Monday, June 04, 2007

The Roman Baths at Bath (Aquae Sulis)




The terrace is where the tour begins. Here's the official website. The Romans built a temple on the site of a sacred spring and dedicated the edifice to the goddess Sulis Minerva.
The conduit system still conveys the water to this day!

Here is a stone head of a Roman matron dating from the first century CE unearthed in found in Walcot, about 2 kilometres (1 1/4 miles) north of the centre of Bath in 1714-15(indicating contrasting ancient and modern styles from the young to the old). Is there any evidence that women actually visited and used the baths in Roman times? Does Martial's epigram apply here?

Cum faciem laudo, cum miror crura manusque,
dicere, Galla, soles “Nuda placebo magis”,
et semper uitas communia balnea nobis.
Numquid, Galla, times ne tibi non placeam?

When I praise your appearance, when I admire your legs and hands,
Galla, you always say “You’ll like me better nude,”
And yet you always avoid going to the bath with me.
Is it that you’re worried you won’t like me nude?

Finally, here is an inscription dedicated to the goddess. At the Bath site, hundreds of tin, pewter and lead curse tablets were found in the spring. Obviously people bathing had their clothes, jewelrey and other items stolen, and sought redress by writing curses on these sheets of metal, rolling them up and tossing them in the spring for the goddess’s attention. For example:

Docilianus…to the most holy goddess Sulis. I curse him who has stolen my hooded cloak, whether man or woman, whether slave or free, that…the goddess Sulis inflict death upon…and not allow him sleep or children now and in the future, until he has brought my hooded cloak to the temple of her divinity.
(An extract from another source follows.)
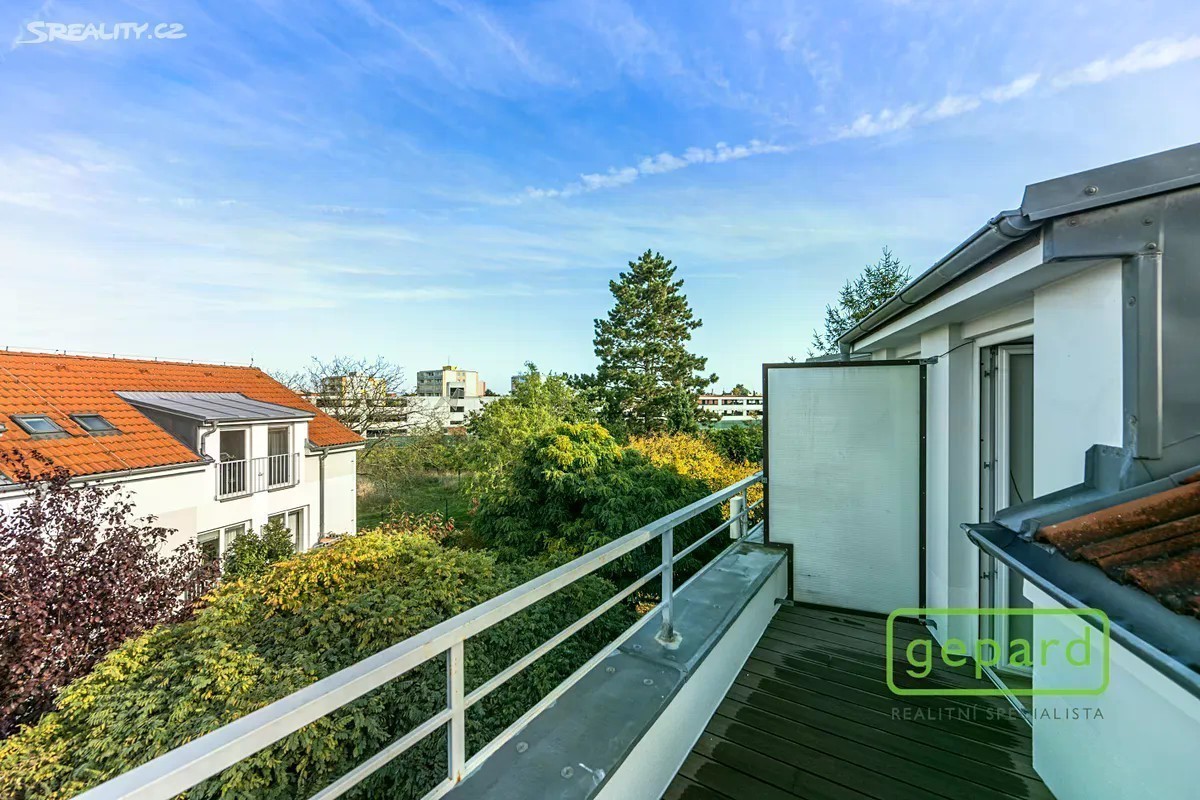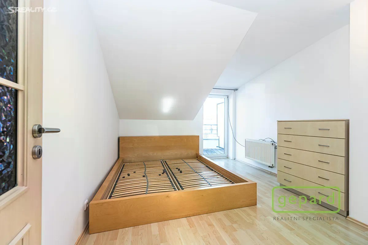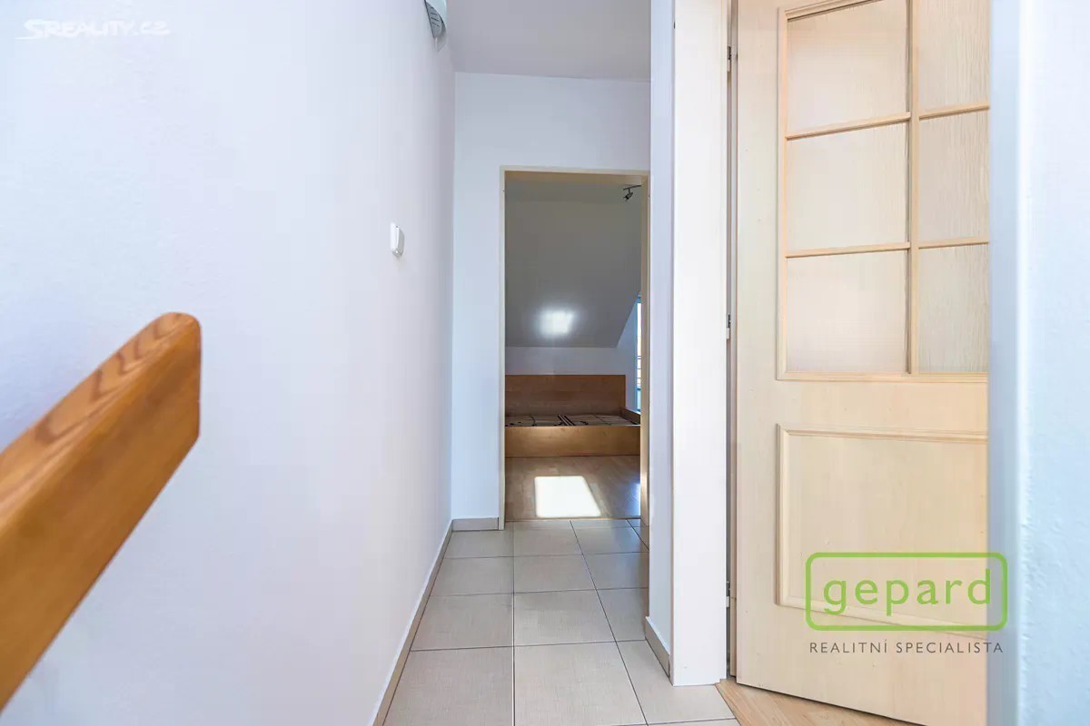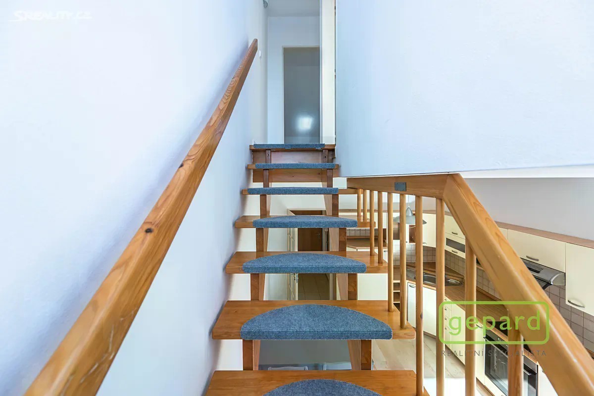 Společnost Gepard Reality Vám nabízí k pronájmu mezonetový byt o dispozici 3+kk v klidné části Brandýsa nad Labem v ulici Vrábská. Celková plocha bytu činí 59 m2 včetně terasy (5,5 m2) a balkonu (2,5 m2). Byt je situován v 1. patře a v podkroví cihlového domu z roku 2006. Ve spodním patře bytu je obývací pokoj s kuchyňským koutem a vstupem na balkon (orientovaný na jihovýchod), předsíň a koupelna s toaletou. V horním patře jsou dva pokoje a koupelna s vanou. Z většího pokoje vede vstup na terasu, která je směrována na severozápad. V obytných místnostech je plovoucí podlaha, v předsíni a v koupelně je dlažba. Schody jsou dřevěné s protiskluzovými nášlapy. Na oknech jsou dvojité garnýže. Byt je z větší části vybaven nábytkem a spotřebiči, jak je znázorněno na fotografiích. Součástí pronájmu je vybavení uvedené zde v textu. Kuchyňská linka obsahuje vestavnou lednici, sklokeramickou varnou desku, elektrickou pečící troubu a digestoř a dále volně stojící mikrovlnnou troubu. V obývacím pokoji je k dispozici jídelní stůl se 4 židlemi a pohovka, v pokoji trojdílná šatní skříň a v ložnici rám postele 200x180 cm včetně roštů a komoda. V předsíni je botník se zrcadlem. V koupelnách je koupelnový nábytek a pračka. Nájemce může využívat společnou zahradu se zahradním sezením. Parkovat lze volně na ulici, případně je možné zprostředkovat pronájem parkovacího stání na oploceném parkovišti u domu. Jedná se o velmi příjemné bydlení v klidné lokalitě s výbornou dostupností do Prahy: autem metro B Černý Most 13 minut a metro C Letňany 18 minut. Zastávky autobusu i vlakové nádraží jsou do 10 minut pěšky od domu. Město Brandýs nad Labem - Stará Boleslav nabízí veškerou občanskou vybavenost. Okolí poskytuje mnoho příležitostí pro sportovní aktivity a výlety. S ohledem na dispozici bytu je toto bydlení ideální pro 2 osoby (pár). Byt je připraven k Vašemu nastěhování. Zúčtovatelné zálohy na služby (pro 2 osoby) včetně energií a vysokorychlostního internetu od O2 činí 5.000,- Kč. V záloze není zahrnut odvoz odpadu. Vratná kauce je stanovena ve výši 25.000,- Kč. Nájemce hradí provizi ve výši jednoho měsíčního nájemného včetně poplatku za služby. Majitelé si vyhrazují právo vybrat nájemce na základě jimi zvolených kritérií. Tuto nabídku vřele doporučujeme. Pro více informací či domluvení termínu prohlídky mne prosím kontaktujte.

Words are rarely separated and without punctuation. Letters could be written in mirror-image form or the order of letters in a word, of words in a line, or of lines in a text might be reversed. The writer might also change the direction in which words or letters were written in alternating lines (‘boustrophedon’ ­ a Greek term named after the movement of an ox-team ploughing a field).